【Day37:高校生との関わり】
地域おこし協力隊として、地元の福岡県八女郡広川町にUターン。
2022年1月より、学習教室「irodori Study Lab」を運営している井上涼です。
irodori Study Labでは、ICTを活用し、一人ひとりの興味関心に合わせた探究学習、そして、英語学習を通して「想定外の未来をつくる」ことをコンセプトに活動しています。
地域おこし協力隊1年目にある高校の探求学習に約4ヶ月間伴走させていただいた時のこと。
周辺4地域の自治体が抱えている課題を高校生の視点から解決するための案を考えることが目的でした。
広川町からは、若い世代の客足が伸び悩んでいるカフェに対して、若者にもっと来てもらうためのアイデア募集を提案しました。そもそも、ろくに地域に足を運ばず、机上の空論だけで解決策なんか出るわけがないしそんなもので終わらそうとする時点でイラついたので、僕の方から実際に商品まで作って販売するイベントやろうよ!と言ったところ、全員一致で乗ってくれました。
進学校なので、テストは全員本気。しかも、関わった時期は文化発表会もあったり部活動も公式戦があったりと行事が重なる中、高校生たちは大忙し。
高校生たちは最後の最後まで本当に頑張ってくれて結果的には当日の販売会でも商品は予定より早く完売。文化発表会でどこのアイデアが一番良かったのか審査されるのだけれども、その中でも学年1位の結果を取りました。
裏では、大人の都合で生徒の機会を奪う管理職たち。めんどくさいこと、新しいことはやらない前例主義の人たち。いろんな姿を見て本当に今でも思い出すだけでムカつくくらい色々ありました。

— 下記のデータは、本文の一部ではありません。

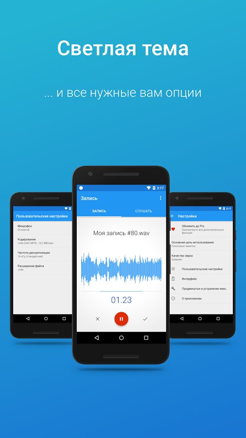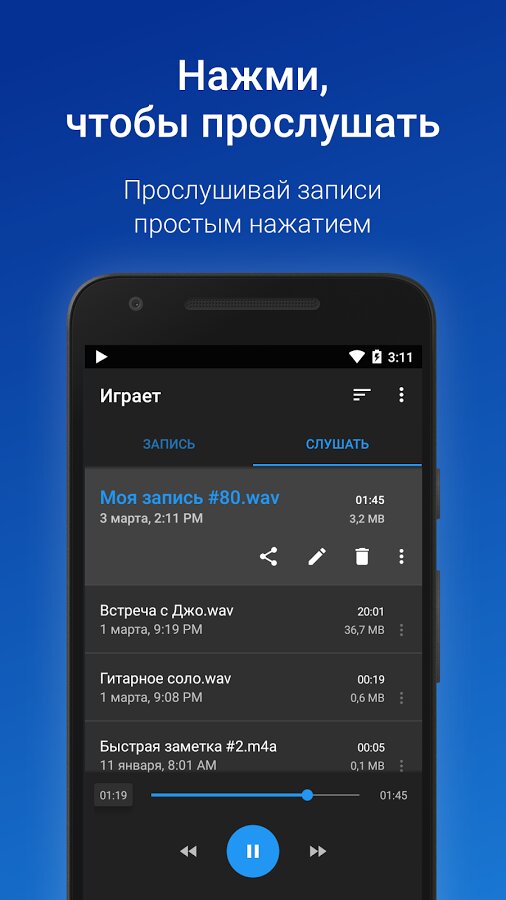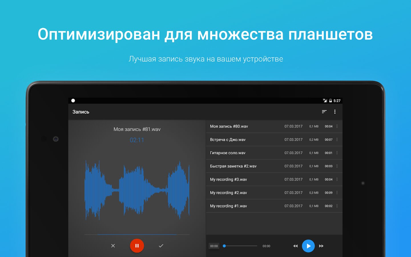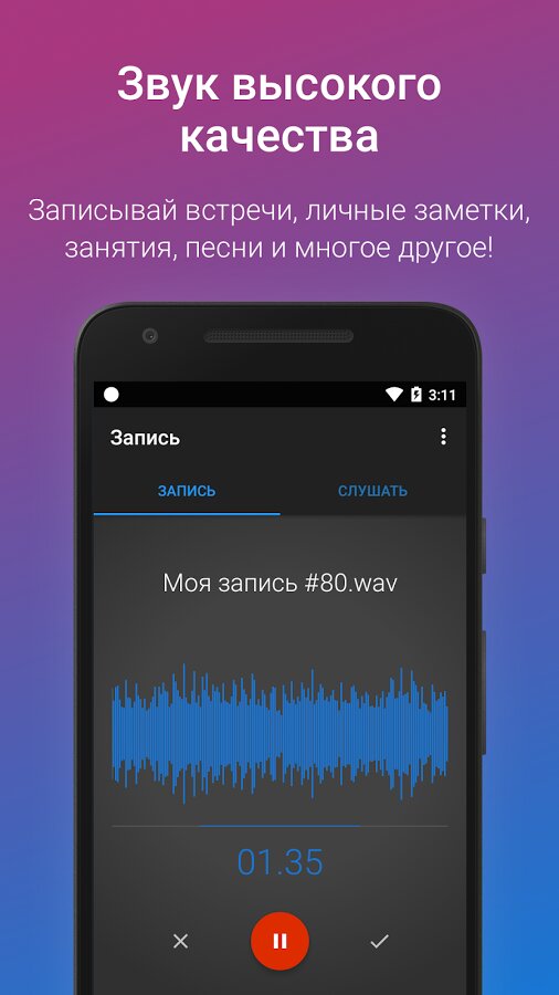 Диктофон Easy Voice Recorder довольно простой в применении. Он надежный и умеет быстро адаптироваться под ваши потребности. Диктофон невероятно полезен студентам для записи лекций и семинаров, на работе с ним можно записывать встречи и собеседования, отправлять сотрудникам записи через мессенджер или электронную почту. Люди творческих профессий могут записывать песни и музыку в отличном качестве.

その中でも僕が一番悔しかったのは、生徒たちの声をちゃんと聞いてあげられなかったこと。授業以外でのコミュニケーションは制限され、時間的制約もある中、僕から伝えられたのは業務的なことだけでした。
もっともっとみんなの声を聞きたかったと今でも思います。
みんなは今はもう大学生になったり社会人になったりしている。
元気にしてるかな。
前置きはこのくらいにして、この経験から、高校生の心の声を聞ける場所、なんかしたいを形にするための居場所を、今月から毎週水曜日の夜にirodori Study Labで開放します。
広川町には高校がありません。
広川町に住む中学生にとって高校へ進学することは「これまでの仲間たちとばらばらになる」ことを意味します。

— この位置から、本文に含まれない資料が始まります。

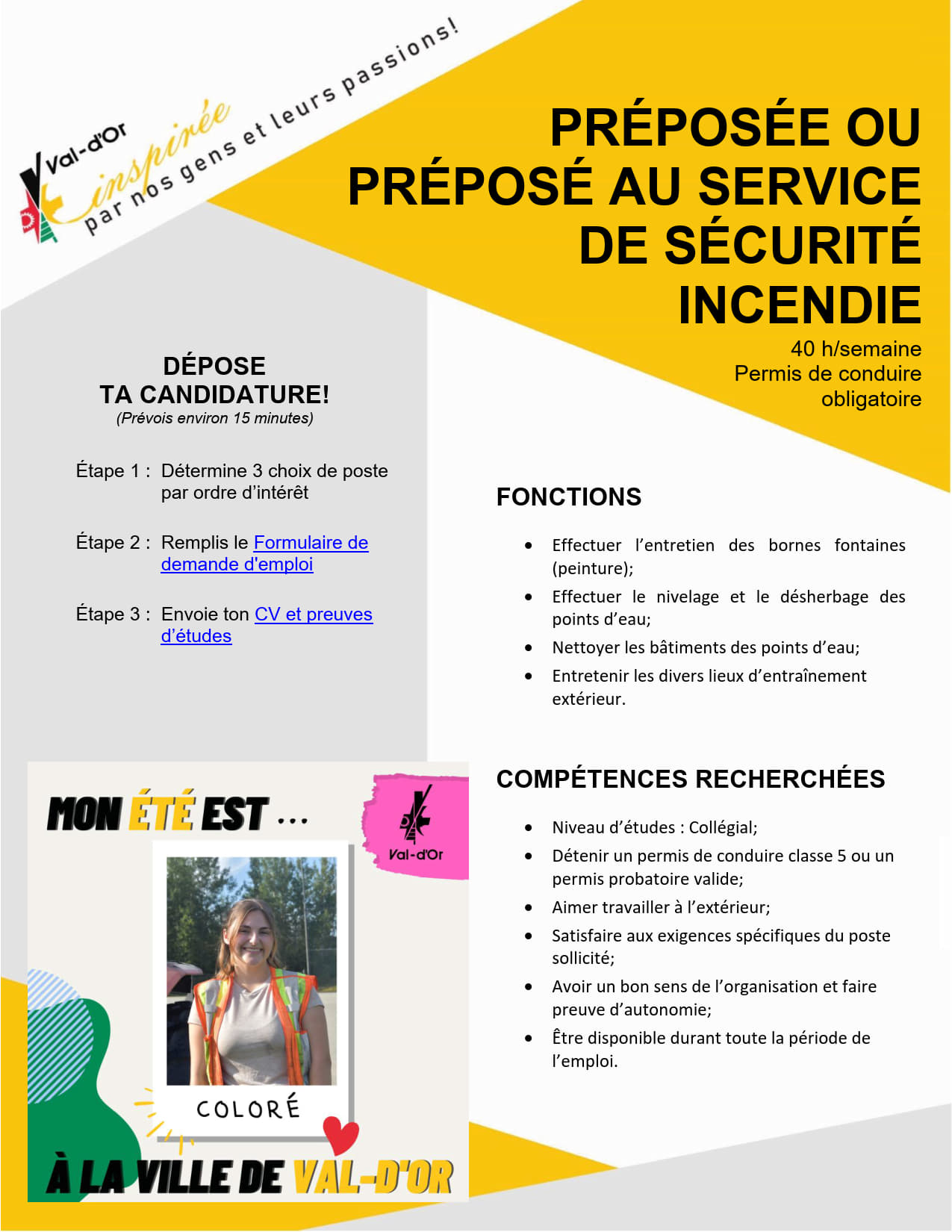 Une fois votre candidature soumise sur notre site, vous recevrez, dans un délai de cinq (5) jours ouvrables, un courriel de Manitou contenant le Formulaire de demande d'emploi estival.

高校生になると、ほとんどの中学生は隣町の八女市、筑後市、久留米市の高校へ進学します。
高校になると、これまで仲の良かった友達とは疎遠になることが多いです。
それでも、
「この町に関わり続けたい」
「今までの友達とゆるくても繋がれる場所が欲しい」
参加条件は、
・「なにかしたい」という気持ちがあること
これだけです。
大人が高校生に
「こうなってほしい」
「町のためにこんなことをやってほしい」
を押し付けるつもりも全くありませんし、僕から何かを強制することもありません。
irodori Study Labの事業としてやりますが、この活動では月謝も何もいただきません。

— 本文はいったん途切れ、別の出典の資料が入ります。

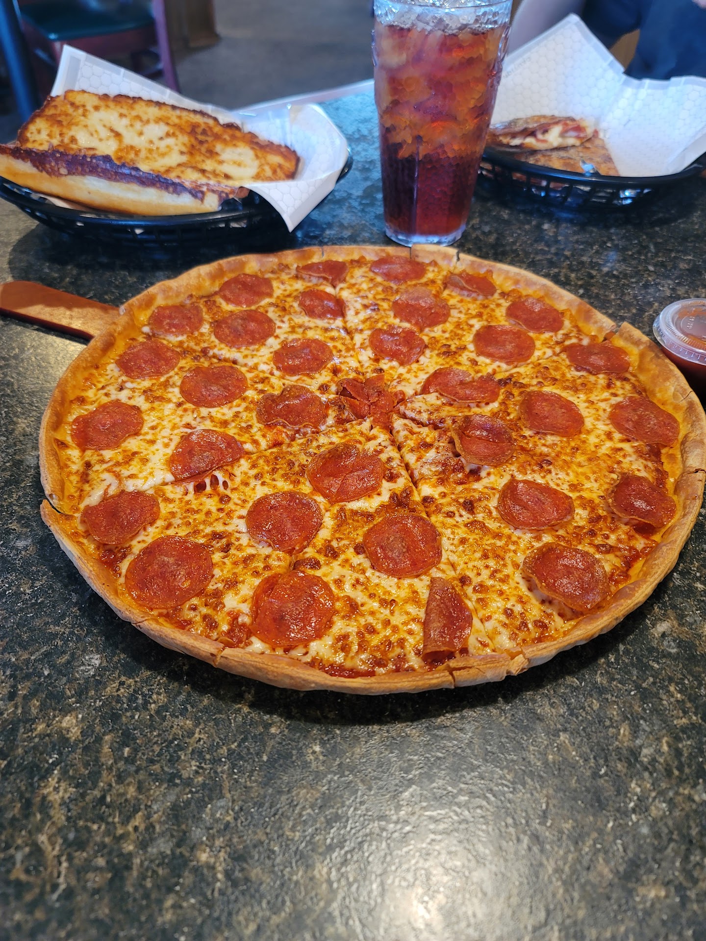 We arrived at restaurant at 8:22pm last night to have dinner before our movie at 9:55pm. We ordered drinks, cheese sticks and wings and salad along with a pepperoni lovers so few minutes later waitress brings us drinks and salads then after that cheese sticks and wings. We even finished eating it all and time was 9:15pm then we started noticing other tables started getting there pizzas that arrived after us, and we wondered what happened so we called waitress over and ask her what happened why are other tables getting there pizzas before us when they arrived after. Her words were it was a pepperoni lovers and we were like yes she then says let me check on that runs to computer and my mother notices her inputting into computer something I was like dont tell me she forgot by this time it was almost 9:30 we had to leave for our movie, we got up to leave and pay then they charged us $50 some dollars for a incomplete meal and waitress didnāt even say a Iām sorry only donāt you want the pizza Iām like for what itās not like Iām gonna eat it here she then says to take home Iām like you could have made it better by saying a Iām sorry not even that...

週に一度、まずは高校生が学校帰りにふらっと遊びにくる。
新しい友達を連れてきたり、テスト前の勉強をしたり、ただひたすらお話ししたり、何をしてもいい時間にします。
ただ、「なにかしたい」という気持ちだけは持ってきて欲しいと思っています。
その「何か」はなんでもいいです。
そこにいる仲間に話してみる。ただ自分でひたすら悶々と考えてみる。
自分の関わり方で関わってほしい。
大人たちはサポートが必要な時だけ、サポートします。
じゃあなんでわざわざ僕がこれを始めるのか?
「自分と向き合う時間をつくり、社会とつながっていることを感じてほしい」からです。
高校から大学、社会人と、今の日本では、自分とじっくり向き合い、将来について考える時間がかなり少ないと思うのです。
就活の時だけ、受験期間のたった数ヶ月間で「お前は何をしたくて何ができるのか?」と問われても芯から思っていることは出てこないですよね。たった数ヶ月間で今後のながーい人生について決断してしまうのはおかしいよ。